Aus dem Gemeinderat

Ortsdurchfahrt Langenbrand -
Umbauplanung ist abgeschlossen
Ein wesentlicher Schritt zur Neugestaltung der Ortsdurchfahrt Langenbrand ist getan. Der Gemeinderat stimmte dem Entwurf der Umbauplanung einstimmig zu und beauftragte die Verwaltung mit dem weiteren Verfahren. Bekanntlich soll die Ortsdurchfahrt dorfgerecht gestaltet werden. Erste Planungsüberlegungen wurden mit der Bürgerschaft und im Ortschaftsrat besprochen. Die dort erarbeiteten Änderungswünsche flossen in die jetzt im Gemeinderat beschlossene erste Entwurfsplanung ein. Vor allem betrafen die Änderungen eine Verbesserung des Parkplatzangebotes und eine Einbeziehung des Bereiches vor der Festhalle. Die Planung sieht einen niveaugleichen Ausbau vor. Zur Diskussion standen Ausbauvarianten, bei denen der Gehweg und die Straße asphaltiert und bei denen der Gehweg mit Betonpflaster belegt wird. Für die Maßnahme waren 400.000 € bzw. 500.000 € veranschlagt. Der Ausbau, so der einmütige Beschluss im Gemeinderat, soll im Gehwegsbereich mit Betonpflaster erfolgen. Das weitere Verfahren, so Bürgermeister Kuno Kußmann, sieht die Stellung eines Zuschussantrages vor. Im Rahmen der ELR-Förderung hofft die Gemeinde, ein Drittel der Baukosten bezuschusst zu bekommen. Die Restmittel sind im Gemeindehaushalt zu finanzieren. Darüber muss im Zuge der Haushaltsberatung entschieden werden. Denkbar ist auch eine schrittweise Umsetzung der Planung. Die Maßnahme ist, so der Bürgermeister, abhängig von der Zuschussbewilligung und der Mittelbereitstellung durch den Gemeinderat. Beides wird bis zum Jahresanfang 2011 entschieden sein.

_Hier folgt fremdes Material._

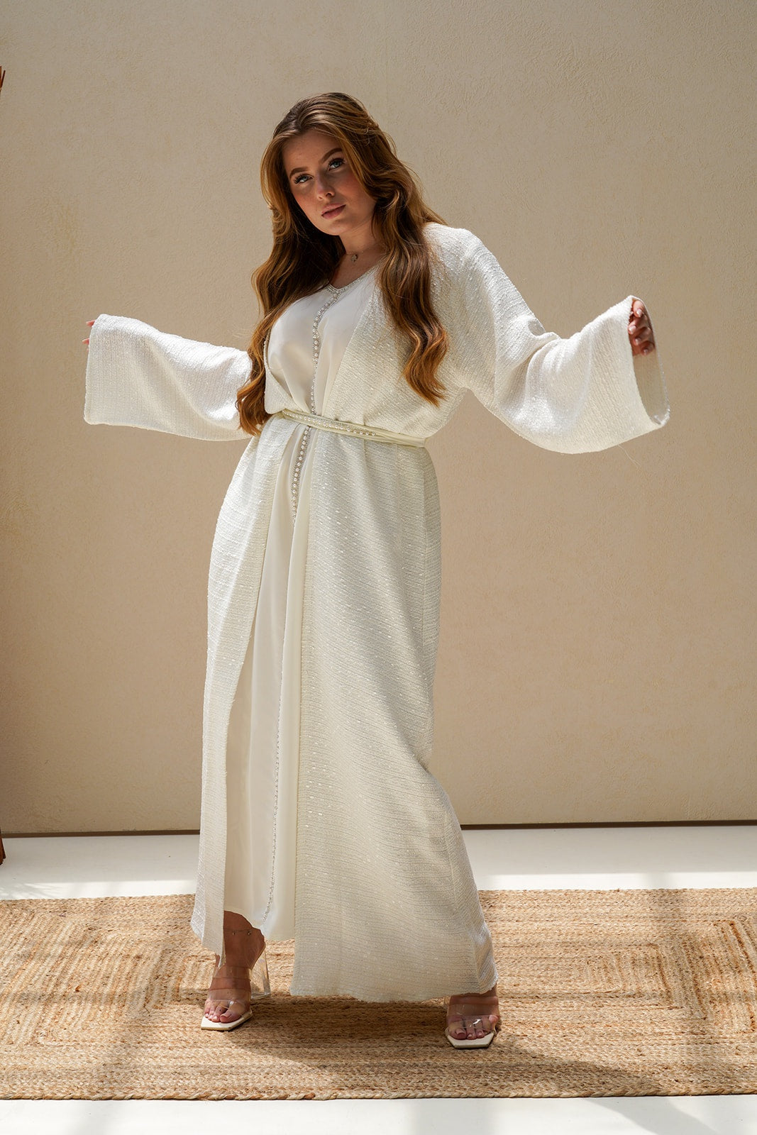Accompagné d’un kimono en laine d’été légère, ce duo se pare d’un blanc cassé lumineux, symbole de pureté et de sophistication. L’alliance subtile de ces matières nobles offre un équilibre parfait entre style et confort.
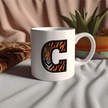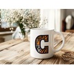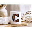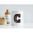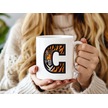 C Harfi Kaplan Figürlü Nakış Desenli Kupa Bardak - Kişiye Özel Vahşi Hayvan Desenli Kupa - Hediye Beyaz
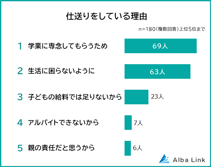 お子さんに仕送りをしている親御さん180人に「仕送りしている理由」を聞いたところ、1位は「学業に専念してもらうため(69人)」でした。僅差の2位は「生活に困らないように(63人)」となっています。
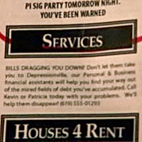 Partner to Kevin and magic disappearer of debts. Hey, did Patrice Pitrelli manage to become sane, change her name slightly, and get a new job? Okay, that's probably not it. But we can't help but notice her ad is right below the rapist's — a clue of some sort? Perhaps Kevin and Patricia know more than they let on. Perhaps Kevin was the guard to Patricia's prisoner in the prison experiment and they know the secret of Mercer and Moe? Okay, maybe not. It still doesn't stop us from speculating in 3.09 "Spit & Eggs."
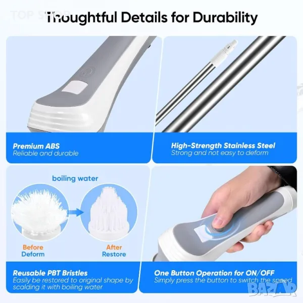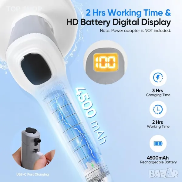 Тази мощна почистваща четка е оборудвана с акумулаторна 3,7 V 4500 mAh батерия, която предлага до 2 часа непрекъсната употреба след само 3 часа бързо зареждане. Състоянието на батерията се вижда лесно на цифровия дисплей с висока разделителна способност. Може да се зарежда удобно чрез USB-C при 5V 1A (захранващ адаптер не е включен). Главата на четката с рейтинг IP68 е устойчива на прах и пръски, което гарантира издръжливост при различни сценарии на почистване. С регулируема дължина, варираща от 61 см до 127,5 см, прибиращата се дръжка от неръждаема стомана позволява лесно почистване на труднодостъпни места, което я прави идеална за хора с болки в гърба или артрит. Мощният мотор осигурява ефективно почистване без надраскване на повърхности, а функцията за управление с един бутон опростява процеса на почистване, като не оставя нито един ъгъл недокоснат.

Bauaufträge für die Kläranlage
Dem Grunde nach war diese Entscheidung unstrittig, denn es ging um die bereits beschlossenen Ausbaumaßnahmen für die Sanierung der Forbacher Kläranlage. Bekanntlich wird die 29 Jahre alte Anlage in vier Bauabschnitten bis 2014 für 2,3 Millionen € umgebaut. Eine lebhafte Diskussion gab es im Gemeinderat dennoch, denn die Ausschreibungsergebnisse lagen insgesamt deutlich über der Kostenschätzung der Fachingenieure. Vor allen Dingen bei der Betonsanierung gab es erhebliche Abweichungen. Unter Berücksichtigung aller möglichen Kosteneinsparungen, wird die Klärwerksanierung nach den Ausschreibungsergebnissen um rund 50.000 € teurer. Nach einer intensiven Diskussion schloss sich der Gemeinderat bei einer Gegenstimme der Empfehlung von Ortsbaumeister Dietrich und dem Fachingenieur an. Trotz Preissteigerungen werden die Aufträge zur Sanierung der Bautechnik, der Maschinentechnik und der Betonsanierung vergeben.

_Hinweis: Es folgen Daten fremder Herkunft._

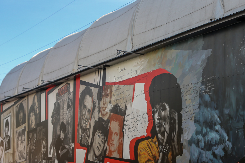По его словам, главным итогом работы в этом году стали памятник музыканту и четыре масштабных полотна, нарисованных на стенах складов со строительными материалами. Картины посвящены биографии и творчеству Виктора Цоя. Два месяца над ними трудился известный художник из Иркутска Василий Каптырев. Первый мурал площадью больше 100 кв. метров он нарисовал ещё осенью 2022 года.

Für die Bautechnik liegt der Auftrag bei 298.000 €, er geht an eine Rastatter Baufirma. Für die Maschinentechnik, die von einer Neuenkirchener Firma erstellt wird, müssen 346.000 € investiert werden. Eine Firma aus Winden wird die Betonsanierung für 171.000 € übernehmen. Der Baubeginn für die ersten beiden Bauabschnitte mit einem geschätzten Bauvolumen von 1,11 Millionen € ist für September geplant. In der Bauphase wird das Forbacher Abwasser über die alte Betriebskläranlage der Firma StoraEnso gereinigt und entsorgt.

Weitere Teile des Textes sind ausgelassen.